Libres extraits de témoignages d’écrivains :

HEDI KADDOUR
(France – poète et professeur de littérature) :
 » Le roman est une bouchée. C’est dire qu’il ne tolère pas les phrases qui ont déjà été mâchées. Il raconte des aventures, mais la phrase aussi se doit d’y être une aventure, de ne pas sacrifier au cliché, de ne pas trop se laisser deviner. (…)
 » Sortir de sa tête, inventer le réel, inventer une langue, pour rendre le monde plus perceptible. « (…)
 » Des fusées de pensée au milieu des éclats du réel.
(…)
 » Le romancier ajoute un viatique qui nous préserve du tragique, et qui vient de la façon dont le roman demande à être lu : un mélange de croyance et de lucidité, de désinvolture et d’adhésion, de galop et de vigilance, une façon de changer, non pas le monde, mais notre relation au monde dans lequel il faut agir. »

FRANCOIS GANTHERET
(France – écrivain et psychanalyste) :
(…)  » L’expérience est rare, et toujours troublante, de se trouver en présence de l’innommable, d’une somme brute de sensations radicalement étranges, c’est-à- dire étrangères à notre univers de choses nommées.(…)
 » A tout instant survit en nous le tout petit enfant affronté pour la première fois à un monde de sensations dont il n’est pas distinct. »(…)
 » L’écriture de fiction, si elle a vocation d’affronter le lecteur, tel un homme neuf, à un monde neuf jamais éprouvé jusque-là, si elle se veut créatrice de nouveau, doit retrouver par quelque modération ce moment de naissance conjointe du moi et des objets « . (…)
« Retrouver dans les mots la présence brute, c’est se porter en cette aube où le monde et les objets émergent dans le sensible, et y porter dans le même mouvement le lecteur.

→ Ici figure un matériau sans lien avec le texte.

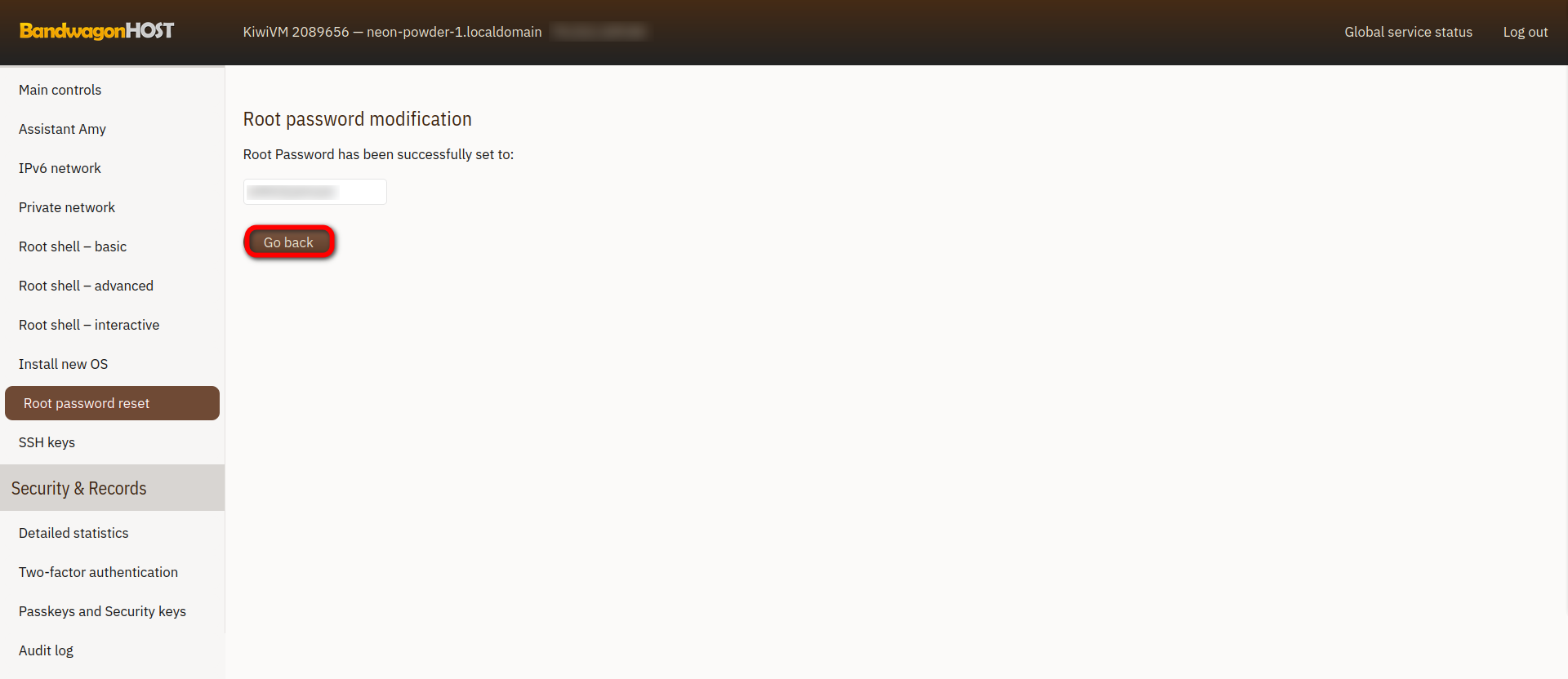 1. 左侧点击 Root password reset,再点击 Generate & Set New Root Password。

Non pas les lui désigner – mais le faire naître avec eux. (…)
 » Nous avons à apprendre des peintres. de Cézanne, le  » primitif d’un art nouveau  » : acharné, une vie durant, à «  réaliser ses sensations  » ; à porter dans le réel ces remous intimes, couleurs, ombres, mouvements, dont l’âme s’émeut lorsque, tel l’enfant au premier jour, elle participe sans s’en séparer du monde où elle baigne. Comme celui qui écrit, et dont la plume reste en suspens en attente de la venue en lui du mot nécessaire, il pouvait rester de longues heures devant le motif sans poser une touche sur la toile.  » Parce que je ne suis plus innocent « , disait-il.
(…)
Mais celui qui écrit a affaire à des mots, que la langue verrouille bien plus fermement. Il lui faut faire défaillir la langue comme il défaille lui-même dans la langue.(…)  » C’est la prix à payer pour que  » je  » prenne, fugitivement, la parole. »

ROBERT DESSAIX
(Australie) :
 » Dans tout ce que j’écris, l’angoisse, si angoisse il y a, semble jaillir le plus douloureusement non de la souffrance physique, mais de quelque chose de plus banal – en somme du fait de savoir à quel point ma vie quotidienne est banale. C’est parce que j’ai besoin de la racheter de sa banalité – et non de la souffrance – que je mène une double vie, que je voyage et que j’écris. »

YING CHEN
(née en 1961 à Shanghaï, elle vit au Canada et écrit en français) :
 » La vieille superstition chinoise, dont je me suis moquée dans ma jeunesse, se présente maintenant en moi, telle une angoisse sans nom, une ombre discrète qui influence parfois ma perception. Elle m’incite à la prudence des mots. Selon cette croyance, les mots seraient une énergie en soi. Prononcer avec insistance certains mots dirigerait l’énergie vitale dans un certain sens et, de ce fait, créerait ou modifierait un destin.(…)
 » S’il était vrai que les mots avaient tant de pouvoir, que la littérature pouvait encore influencer la vie à un niveau profond, alors je pense que l’optimisme serait un extraordinaire remède ou opium pour l’humanité dans son bref et douloureux passage au monde. L’homme moderne, comme l’homme de tous les temps, peut-être, le rejette trop rapidement au nom de la quête de quelque « vérité » qui, au fond, n’est autre chose que la vérité de la défaillance du corps, de la faiblesse de l’âme et de l’instinct de la mort. La lucidité a peu de sens si elle n’apporte pas une petit étincelle de vie. »(…)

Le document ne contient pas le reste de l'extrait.